Identification of autophagy-related genes in diabetic foot ulcer based on bioinformatic analysis.

Diabetic foot ulcer (DFU) complications involve autophagy dysregulation. This study aimed to identify autophagy-related bioindicators in DFU. Differentially expressed genes (DEGs) between DFU and healthy samples were analysed from the Gene Expression Omnibus (GEO) datasets, GSE7014 and GSE29221. The roles of autophagy-related DEGs were investigated using protein-protein interaction (PPI) networks, Kyoto Encyclopedia of Genes and Genomes (KEGG) pathways, Gene Ontology (GO) enrichment, and Gene Set Enrichment Analysis (GSEA). Immune cell infiltration's correlation with these DEGs was also assessed. From the Human Autophagy Database (HADB), 232 autophagy-related genes (ARGs) were identified, with an intersection of 17 key DEGs between GSE7014 and GSE29221. These genes are involved in pathways like autophagy-animal, NOD-like receptor signalling, and apoptosis.

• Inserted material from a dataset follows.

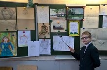 Ученик 3 а класса Тюлютин Виктор оформил школьную картинную галерею. Витя разместил на ней работы своего деда Алексея Антонова, мамы Татьяны Тюлютиной (Антоновой), учеников 3 а класса и провел увлекательную экскурсию. Молодец! Спасибо, Витя!

In the protein network, epidermal growth factor receptor (EGFR) and phosphatase and tensin homologue (PTEN) showed significant interactions with ARGs. Survival analysis indicated the prognostic importance of calpain 2 (CAPN2), integrin subunit beta 1 (ITGB1), and vesicle-associated membrane protein 3 (VAMP3). Lower immune scores were observed in the type 2 diabetes mellitus (DM2) group than in controls. Autophagy and ARGs significantly influence DFU pathophysiology.